Berbagai kesaksian menjijikkan ini menginspirasi beberapa kesimpulan:
* Saya juga membaca, berpikir dan menulis untuk mencari nafkah. Karena itu, saya menjaga jarak dari para intelektual tolol ini dengan menjelaskan bahwa saya punya "politik sederhana ala supir truk, bukan politik rumit ala seorang akademisi".

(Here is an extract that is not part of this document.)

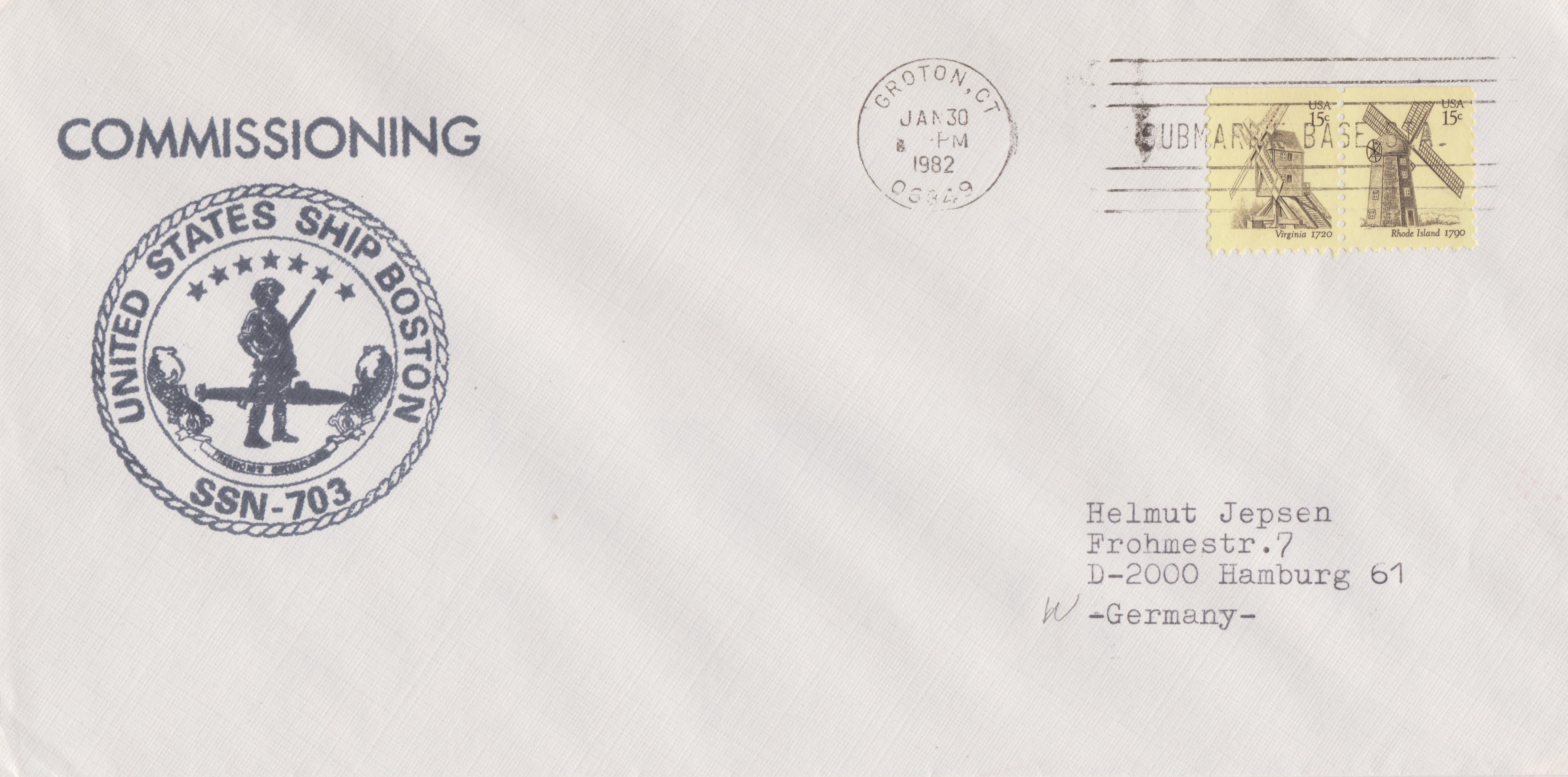 Dieser Beleg dokumentiert die Indienststellung der USS BOSTON (SSN-703) am 30.01.1982: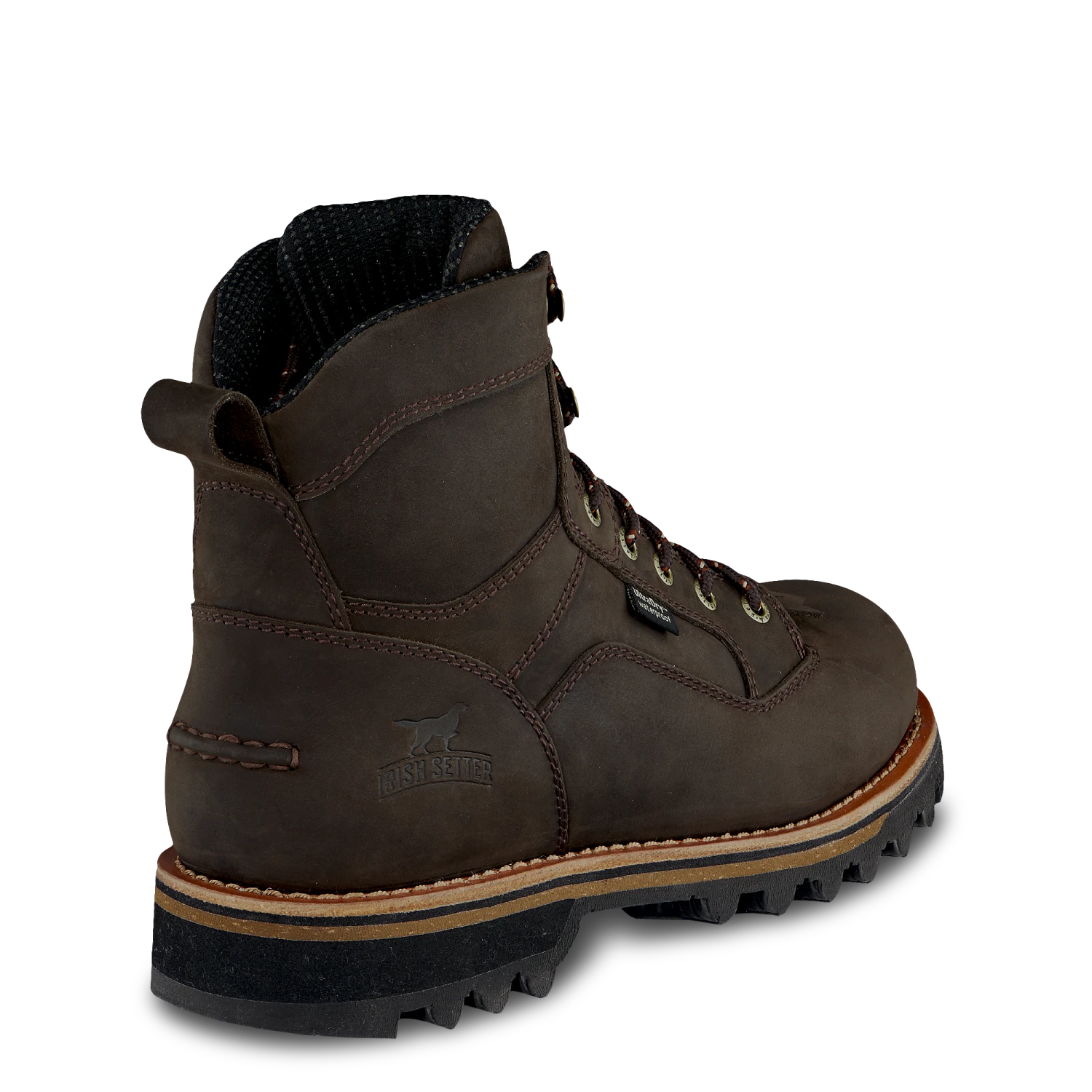 - Brown waterproof full-grain leather.

* Universitas terlampau banyak membuka program humaniora dan ilmu sosial (sampai menyediakan jabatan Ketua dalam Studi tentang Transgender?). Sementara itu pada pihak lain, ada orang-orang yang berusaha mengesankan orang lain serta para provokator mendominasi dunia seni (pisang senilai $120,000 ?) Padahal, sebaliknya, kita membutuhkan lebih banyak lagi sekolah kejuruan dan teknik di samping para seniman sejati.
Universitas Victoria di Kanada membuka jabatan Ketua dalam Kajian Transgender. |
* Pada 1988 lalu Paul Johnson menerbitkan sebuah buku. Judulnya Intellectuals: From Marx and Tolstoy to Sartre and Chomsky. Buku itu mengungkapkan kelemahan pribadi yang tidak menyenangkan dan menghibur di kalangan para intelektual. Tapi itu hanya tontonan sampingan. Masalah sebenarnya adalah, secara keseluruhan, para editor, profesor, dan penulis yang menyibukkan diri dengan politik dan seni lebih banyak memahaminya secara salah daripada secara benar sehingga berdampak lebih berbahaya daripada berdampak konstruktif.
Dimanakah akan berakhir? Tidak bagus. Kaum intelektual berkembang biak ketika robot dan kecerdasan buatan semakin banyak mengambil alih pekerjaan praktis sehingga waktu senggang bertambah dan orang pun semakin berpikir sempit dan egois. Akal sehat menjadi semakin sulit karena pemerintah memberikan jaminan pendapatan dan makanan tampaknya "tumbuh" di supermarket. Para intelektual dengan demikian, sebetulnya tengah membawa kita ke jalan yang gelap ketika mereka tidak menghargai hal-hal mendasar namun tanpa henti mencari kesalahan.**
- Daniel Pipes bergelar Ph.D., dan mengajar di empat universitas serta mengepalai sebuah institute kajian.
Penambahan 14 Agustus 2020: Dan tentu saja ada George Orwell ketika dia mengatakan: "Beberapa ide itu begitu bodoh sehingga hanya para intelektual yang mempercayainya."